大衣披在身上,里面是件简约碎花小白裙,长到脚踝,足上蹬着凉皮小皮靴,英伦风,配上一双白袜子,似是有了重回童年的即视感。
礼貌性敲门,顺便记着,等会记得问老师拿钥匙。
在玉铃儿的认知里,约她了就代表接受她了,接受了就代表可以开始发展了,因此房子的钥匙她必须有一把!

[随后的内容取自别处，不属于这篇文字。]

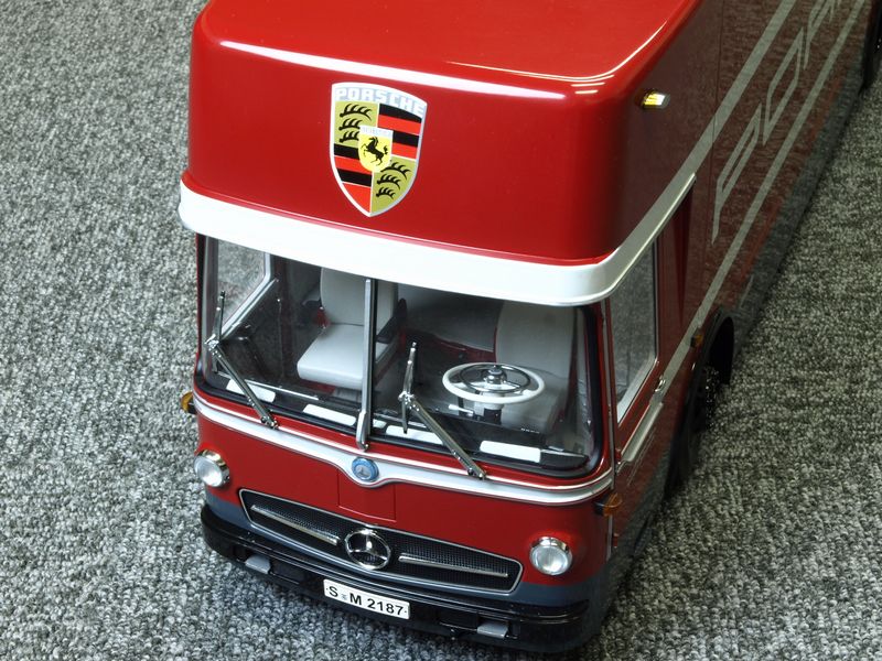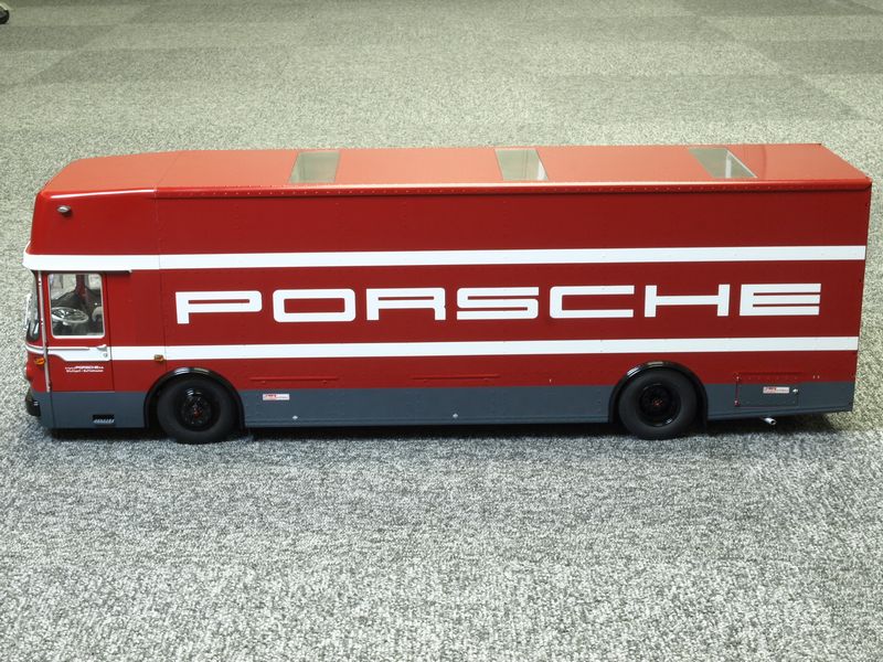 今年の静岡ホビーショーにてサンプルを展示し、その大きさに多くの方々を驚かせた『メルセデス・ベンツO317 PORSCHEレーシングトランスポーター』がついに入荷。 今回は細部までご紹介いたします。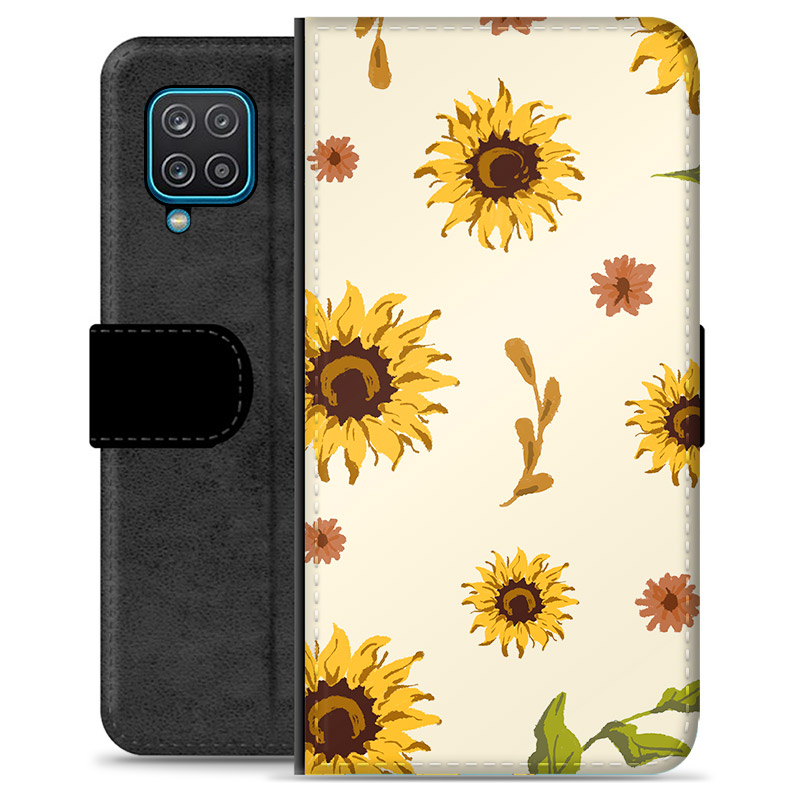 Samsung Galaxy A12 Premium Schutzhülle mit Geldbörse - Sonnenblume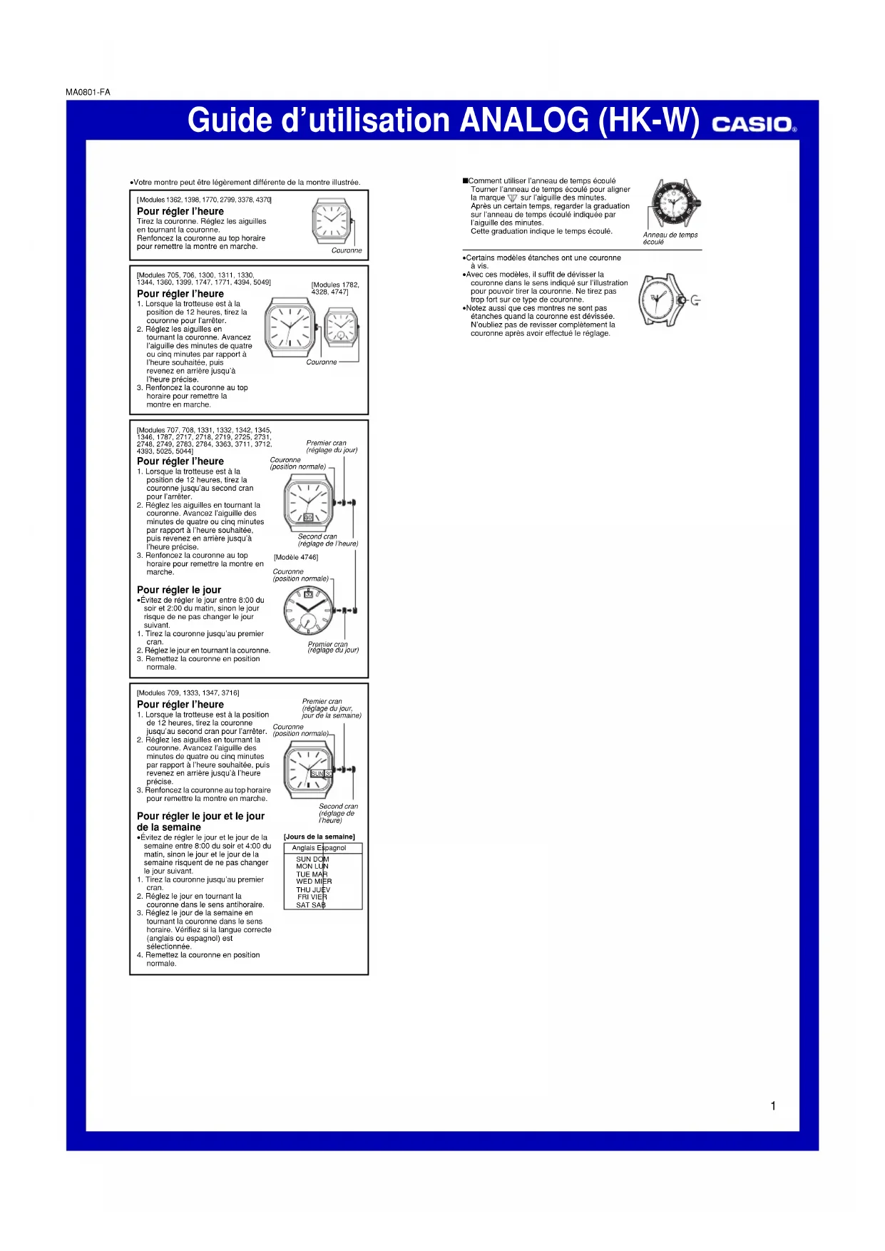 montre en marche. [Modules 707, 708, 1331, 1332, 1342, 1345,1346, 1787, 2717, 2718, 2719, 2725, 2731,2748, 2749, 2783, 2784, 3363, 3711, 3712,4393, 5025, 5044] Pour régler l’heure

猫眼里看人,把人看变形,然而玉铃儿的飒爽风姿,就是化成灰恒潇潇也认得出。
卧槽!她怎么来了,还这么一大清早。
明进正在准备宵夜,结果被恒潇潇拖着回房一顿收拾。
“咋滴?你这又是要离家出走?”明进被她搞怕。
“去!什么离家出走,玉铃儿来了,赶紧把我的东西‘毁尸灭迹’!”
“哦。”下意识的跟着一起收拾,然而片刻后突然想起,她不是自己约来的吗?要收拾啥?就是为了让她看见,‘毁尸灭迹’啥?
趁恒潇潇专注收拾的功夫,明进偷溜去开门,玉铃儿站了有小十分钟,冻得不轻。
“老师,怎么这么久才开门。”小小埋怨。
“刚刚,在上厕所。”好借口。
“下不为例啊。”玉铃儿表示原谅你了。
明进黑线,这说话语气怎么就那么让人不爽呢?还真是把自己放错位了啊,错得还那么离谱。
踩着小皮靴,玉铃儿进屋,屋里有暖气,毛呢外套不需要了,脱下,递给明进。
明进看着外套,愣了三秒钟,心想着这事啥意思?
玉铃儿挫败,自己去挂了,同时不忘吐槽一句嘴:“老师,现在都已经2018年了,你怎么还是那么直男么?”
直男?什么鬼?什么意思?又或者真是他真的老了,听不懂这些流行的网络语言?